Vienna International Arbitral Centre

The updated VIAC rules came into force on Jan. 1, 2018, replacing the previous 2013 rules. With less ground to cover than the DIAC, the updates implemented by the VIAC could be seen as more progressive and indicative of following the new “trend” of efficient and cost-effective measures. For instance:

  • The parties and the tribunal are under an express obligation to conduct proceedings in an efficient and cost-effective manner, with tribunals being expressly permitted to take the contribution by the parties in this regard into consideration in their decisions on costs (Articles 16.6, 28.1 and 38).
  • Interestingly, the VIAC secretary general is also able to take into account the tribunal’s contribution to the conduct of efficient proceedings in determining the arbitrators’ fees. In particular, the VIAC secretary general has the authority to increase arbitrators’ fees by up to 40 percent in light not only of the level of complexity of the case but also especially efficient conduct of proceedings, and conversely can reduce them by up to 40 percent for inefficient conduct (Articles 16.6 and 44.7).
  • Respondents may now seek security for costs, thus meaning that claimants may need to consider more carefully the merits of their claim before starting proceedings if they may potentially be exposed to such an application (Articles 33.6 and 33.7).
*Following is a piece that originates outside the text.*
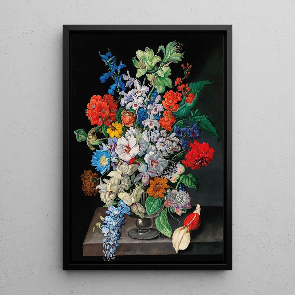 In diesem lebendigen Werk lädt Sebastian Wegmayr uns ein, in eine üppige Blumenwelt einzutauchen. Das Gemälde "Ein großer Blumenstrauß" besticht durch seine leuchtende Palette, in der die lebhaften Töne der Blütenblätter harmonisch miteinander verschmelzen. Die vom Künstler verwendete Ölmaltechnik ermöglicht es, Licht und Textur der Blumen einzufangen und so eine Atmosphäre zu schaffen, die sowohl fröhlich als auch beruhigend ist. Jedes Detail, von zarten Nuancen bis zu subtilen Schatten, trägt dazu bei, diese Komposition zum Leben zu erwecken, wodurch dieser kunstdruck zu einem wahren Tribut an die Schönheit der Natur wird.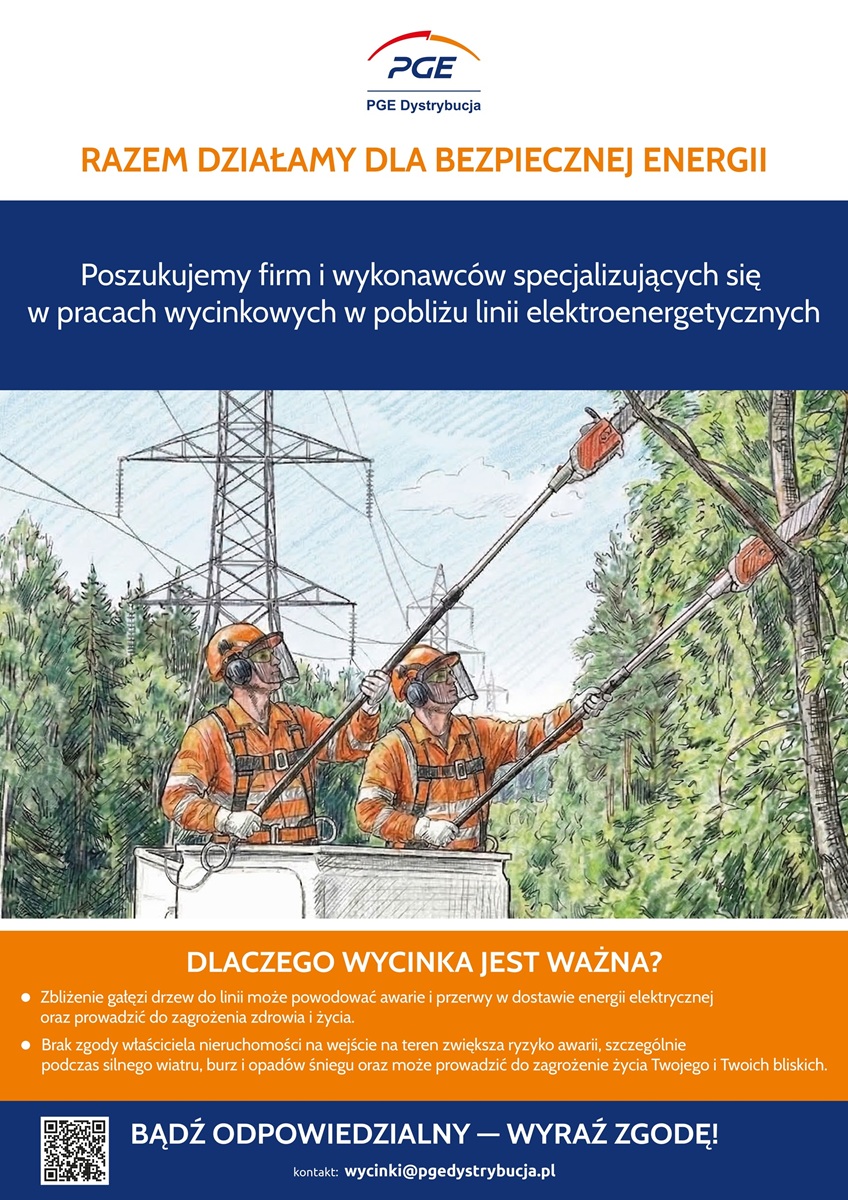 W związku z planowanymi pracami zwracamy się w imieniu Operatora z prośbą do właścicieli nieruchomości, przez które przebiegają linie elektroenergetyczne, o wyrażenie zgody na wejście ekip wykonawczych na teren posesji. Uzyskanie takiej zgody jest niezbędne do przeprowadzenia prac eksploatacyjnych.

German Arbitration Institute

Much like the DIAC, the German Arbitration Institute (Deutsche Institution für Schiedsgerichtsbarkeit or “DIS”) has sought to modernize itself, having not updated its rules since 1998. However, whereas the DIAC has effectively sought to “catch up” with the major arbitral institutional rules, the DIS has modernized and taken the opportunity to implement the new “trend” of efficiency and cost-effectiveness. Of all the updates of 2018, it may be those by the DIS which catch the attention of other institutions. For instance:

  • The tribunal “shall, at every stage of the arbitration, seek to encourage an amicable settlement of the dispute” (Article 26). The same provision permits parties to object to any such efforts by the tribunal, however, it would be interesting to see how any such objection would be viewed when dealing with the issue of costs.
  • The tribunal and parties shall conduct the proceedings “in a time- and cost-efficient manner, taking into account the complexity and economic importance of the dispute” (Article 27.1).
  • Article 27.4 requires that, during the case management conference (which is ideally to be held within 21 days of the tribunal’s constitution: Article 27.2), the tribunal, “[w]ith a view to increasing procedural efficiency … shall specifically discuss” certain issues with the parties including the following measures for increasing procedural efficiency set out in Annex 3:
    • Placing limits on the length and number of written submissions, witness statements and expert reports.
    • Rendering one or more partial awards or procedural orders on specific issues.
    • “Regulating whether the production of documents can be requested from a party that does not bear the burden of proof, as well as possibly limiting document production requests generally.”
    • “Providing the parties with a preliminary non-binding assessment of factual or legal issues in the arbitration, provided all of the parties consent thereto.”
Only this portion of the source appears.